Here comes a new challenge... err!


#1

みなさん、こんにちは!

Recently, Hacker News featured this new language learning tool named Clozemaster. It looks interesting and kind of cool but I’d love to know your opinion because this Sacred Community is the most animated, enthusiastic, passionate and psyched as much as hard-hearted, merciless, ruthless and severe when it comes to language learning tools. I crave your opinion, my respected fellow Crabigator followers.

For your convenience, I’ll copy right here the very own words of the creator right from the post he created to promote his child:


Hi Hacker News! My name’s Mike. I’m the creator of Clozemaster.

Clozemaster is language learning through mass exposure to vocabulary in context. The goal is to fill in the missing word in a given sentence. The missing word is the most difficult word in the sentence according a frequency list for that language, and the sentences are from the awesome dataset at Tatoeba.

I started the site just under a year ago to answer the question “what should I do after finishing Duolingo?”. Since then it’s grown to support over 50 languages, mobile apps, and thousands of users. It’s useful for learners at almost any level, from beginner to advanced, and makes a great complement to Duolingo, textbooks, classrooms, etc. to practice vocab in context.

You can play the Fluency Fast Track which gives you a sentence for each unique missing word in order of increasing difficulty, jump in to sentences grouped by frequency from the 100 most common words to the 10,000 most common, or just play random sentences. There’s also “cloze-listening” - hear the sentence first, then see it and fill in the missing word.

Thought Hacker News might find Clozemaster interesting and hopefully useful! It’s still very much a work in progress - I have a bunch more features planned and I’m working to improve it all the time. I’m also open to any feedback and happy to answer any questions!


Since it’s a new language learning tool bursting or squeezing into this language learning tool wild world, market, habitat, contest, or whatever I strongly feel it’s the same as Here Comes A New Challenger like when playing Ultra Street Fighter II Turbo. What are your impressions? Do you think it’s a strong contestant as a language learning tool? Is it worth to give it a try? Would you consider using it? The Fill In The Gaps thing does really help?

As for me… I’m fascinated about its kind of roguelike nature as I read in the About section:


Where are the sentences from?
All sentences and translations are from tatoeba’s massive and awesome dataset, released under a CC-BY License.

How are the blanks in the sentences selected?
The cloze deletion to test, or the blank in the sentence, is the least common word in the sentence within the 10,000 (or as many as possible) most common words in the language.
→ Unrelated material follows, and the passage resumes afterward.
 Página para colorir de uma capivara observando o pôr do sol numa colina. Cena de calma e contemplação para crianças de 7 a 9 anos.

In other words, for a given sentence all the words in the sentence are checked against the top 10,000 words in a fequency list for that language. The least common word is then used as the cloze test. In this way the vocab learned via clozemaster is the most difficult of the most common. If a quality frequency doesn’t exist for given language, one is either generated from the sentences themselves or random cloze words are selected.

Where are the frequency lists from?
The frequency lists used are from https://en.wiktionary.org/wiki/Wiktionary:Frequency_lists, except for: The frequency list for Japanese was generated from JLPT vocabulary lists on http://www.tanos.co.uk/jlpt/. All of the vocabulary is sorted by JLPT level, and higher precedence is given to kanji.
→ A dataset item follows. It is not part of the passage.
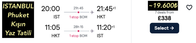 🇹🇷 İstanbul ✈️ 🇹🇭 Phuket 🔁 gidiş dönüş

The frequency lists have been modified to remove common names and pronouns.


Don’t get my wrong: I do love lots the beauty of the manually crafted WaniKani and the priceless imprint of the genius behind but I also have faith in clever algorithms and auto-generated content based on random stuff from god knows which source.

Please, share your opinion!

ありがとうございます!


#2

Cloze activities are a tried and true, time honored tool among language teachers to teach, and more often assess, vocabulary use in context. Clozemaster’s explanation pretty much covers it. That said, don’t rely on the multiple choice too much. It could be good for getting your grounding, but the text input is the truer test of what you’ve learned. After spending a few minutes with the text input, I can see some scope for error on the part of the test if the person who wrote the “correct” answer didn’t add all possible ways of answering (synonyms, alternate conjugations, or vocab that can be written with different kanji). Looks like a neat little tool, though. Thanks for sharing!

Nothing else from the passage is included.